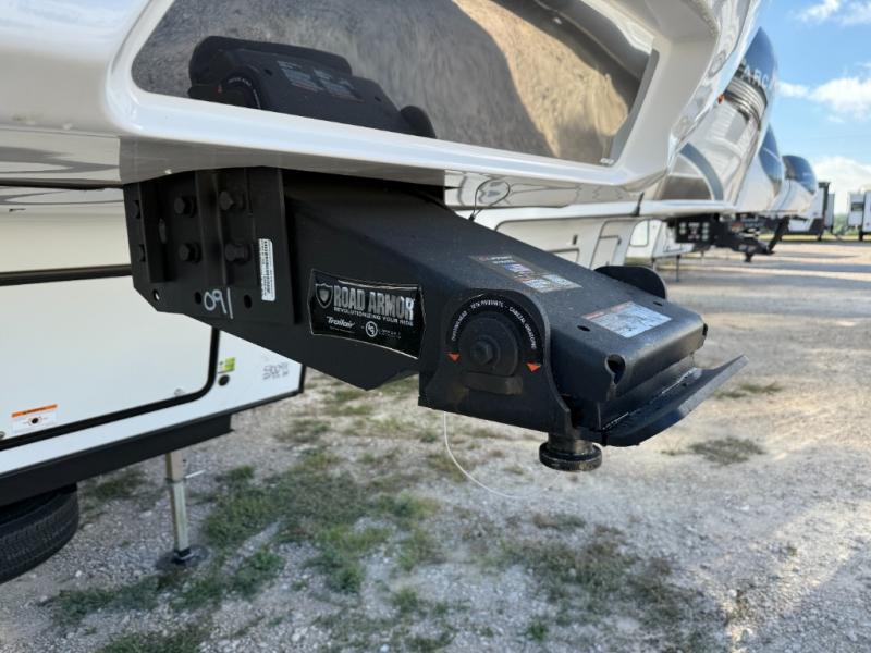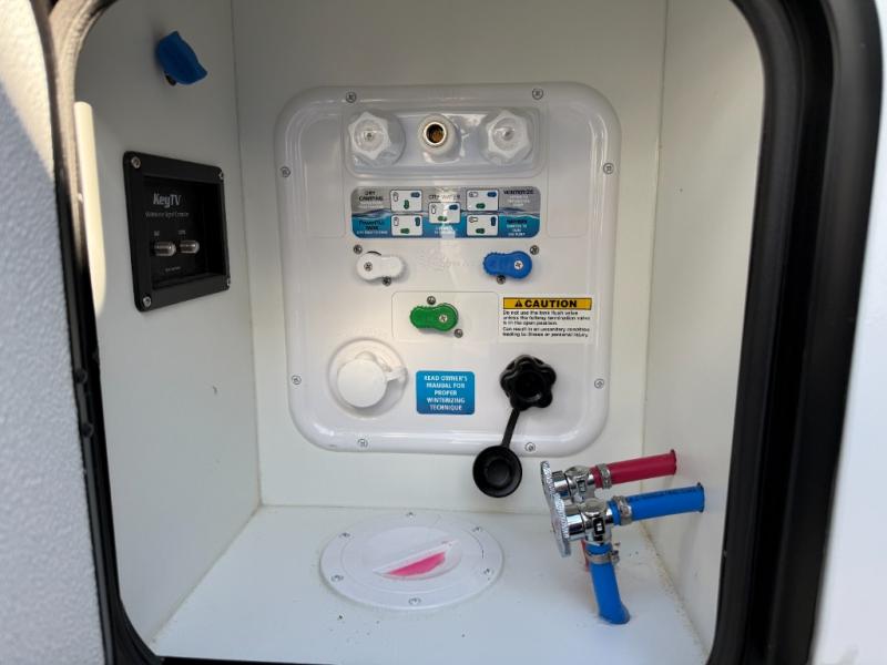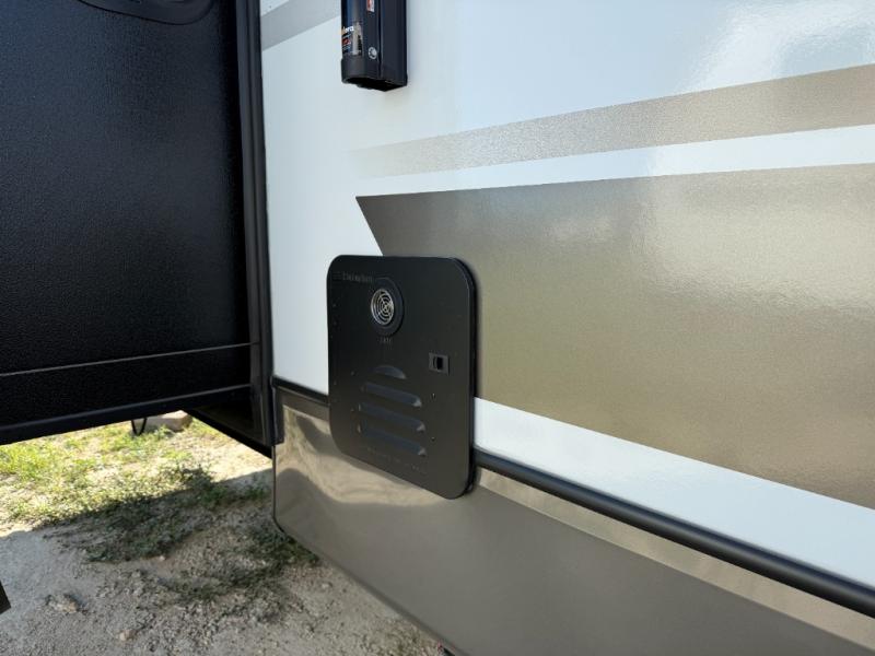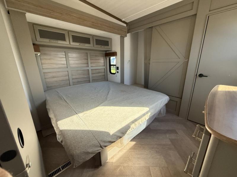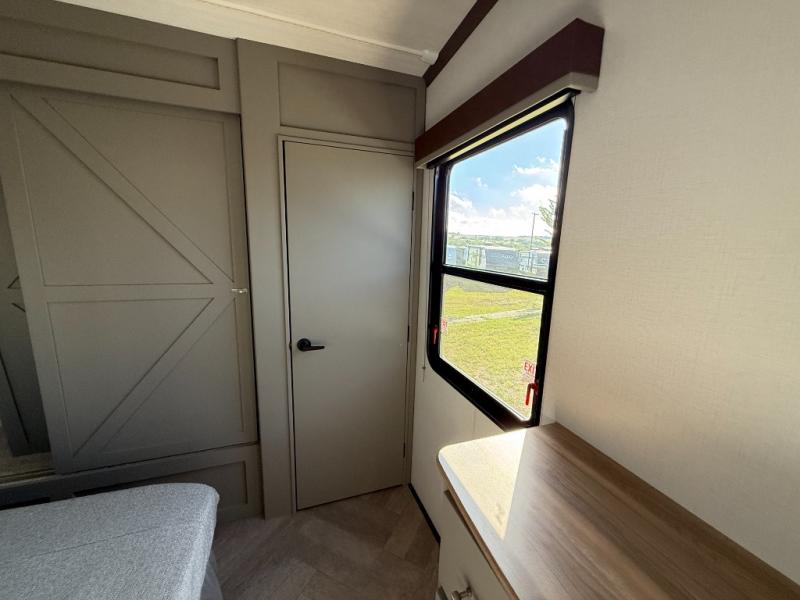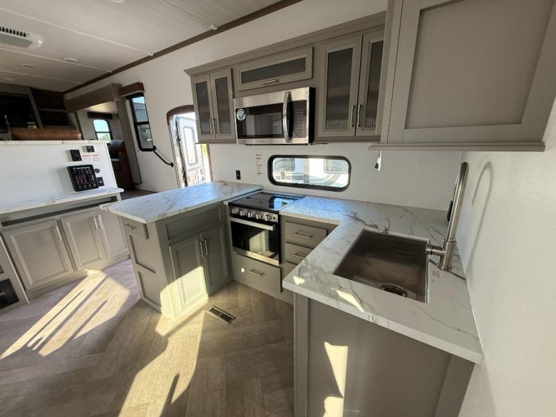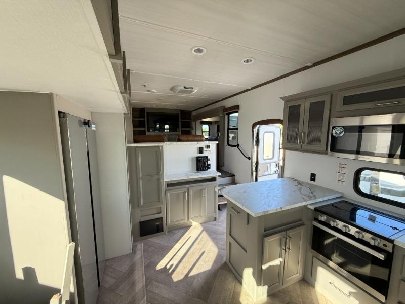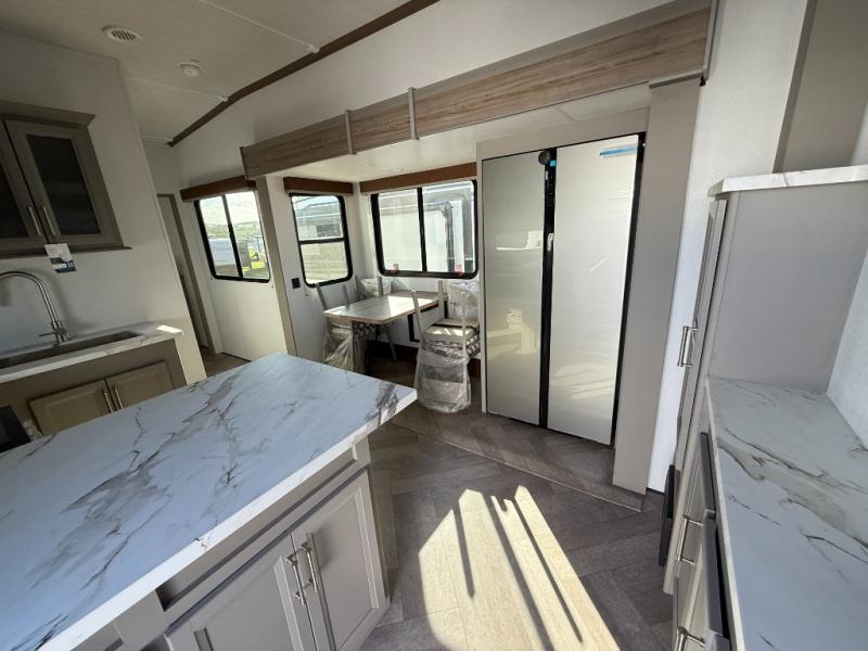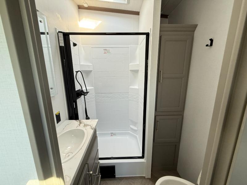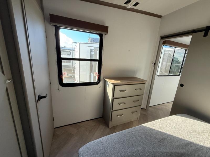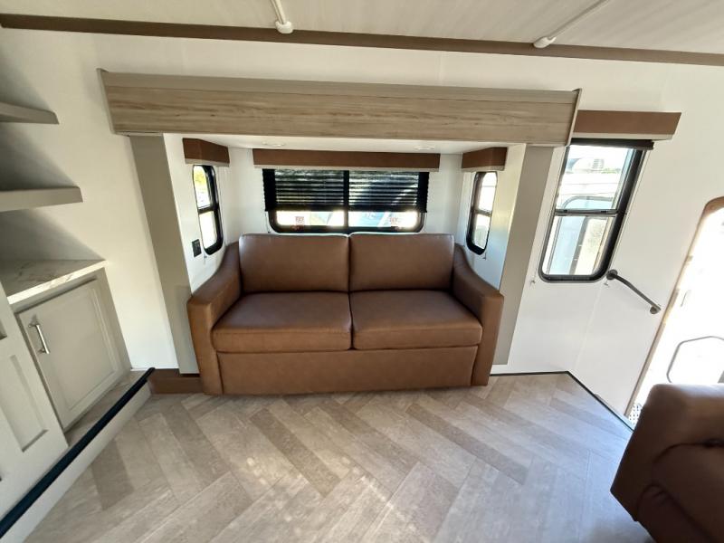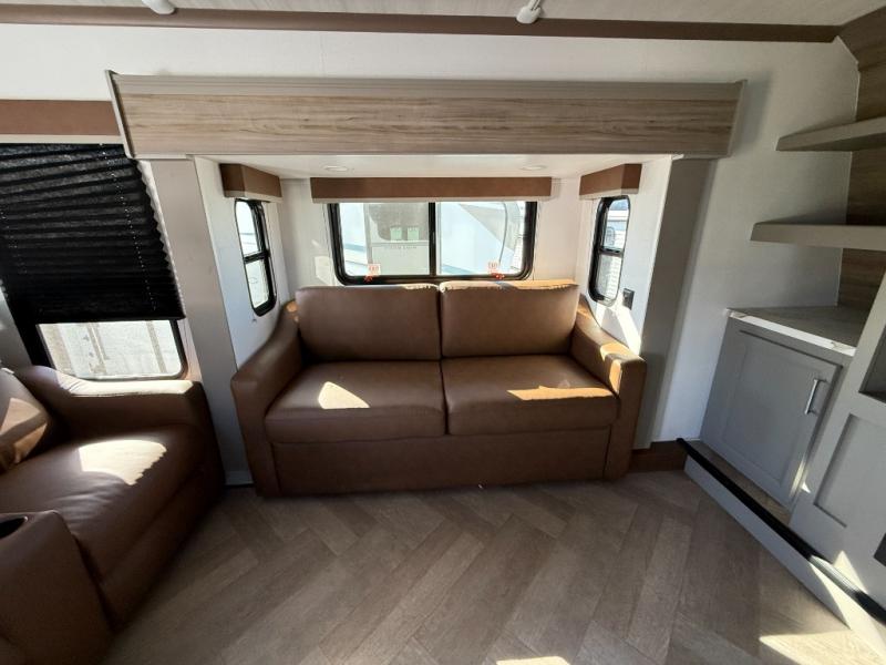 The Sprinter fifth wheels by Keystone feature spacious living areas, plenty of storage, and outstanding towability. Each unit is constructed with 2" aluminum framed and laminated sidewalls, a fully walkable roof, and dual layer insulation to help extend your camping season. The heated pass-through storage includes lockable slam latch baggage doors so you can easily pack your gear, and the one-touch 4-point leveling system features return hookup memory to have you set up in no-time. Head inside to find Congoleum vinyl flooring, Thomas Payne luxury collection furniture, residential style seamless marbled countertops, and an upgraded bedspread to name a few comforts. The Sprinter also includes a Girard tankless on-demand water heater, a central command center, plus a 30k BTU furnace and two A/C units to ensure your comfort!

--------------------

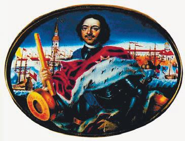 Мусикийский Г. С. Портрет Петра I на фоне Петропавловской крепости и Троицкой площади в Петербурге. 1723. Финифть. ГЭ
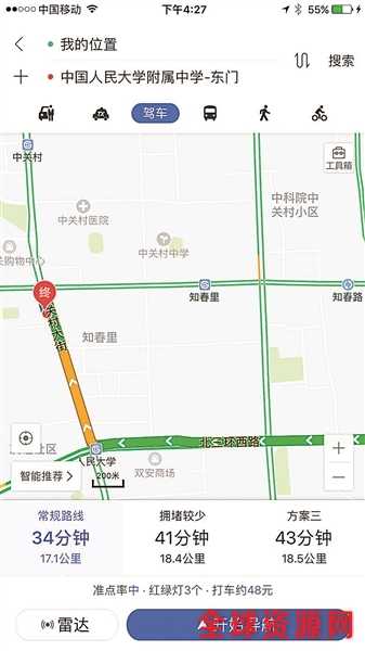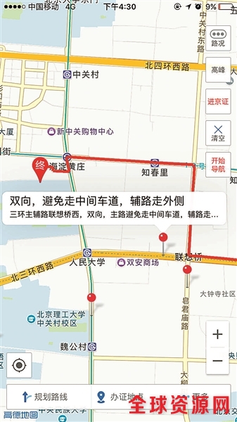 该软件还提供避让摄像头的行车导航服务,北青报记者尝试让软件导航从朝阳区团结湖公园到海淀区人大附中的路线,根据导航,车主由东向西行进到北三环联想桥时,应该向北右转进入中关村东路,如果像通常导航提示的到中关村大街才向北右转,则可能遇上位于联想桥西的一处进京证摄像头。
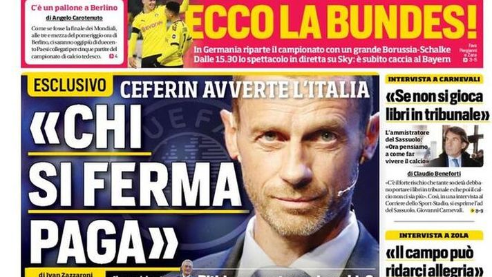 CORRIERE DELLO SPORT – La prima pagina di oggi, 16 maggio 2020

--------------------

Assignment ▸ Copy out exactly the material that runs from the line with "该软件还提供避让摄像头的行车" to the line with "CORRIERE DELLO SPORT", ends included, and leave the pictures behind.

Response for this exercise ▸
 该软件还提供避让摄像头的行车导航服务,北青报记者尝试让软件导航从朝阳区团结湖公园到海淀区人大附中的路线,根据导航,车主由东向西行进到北三环联想桥时,应该向北右转进入中关村东路,如果像通常导航提示的到中关村大街才向北右转,则可能遇上位于联想桥西的一处进京证摄像头。
 CORRIERE DELLO SPORT – La prima pagina di oggi, 16 maggio 2020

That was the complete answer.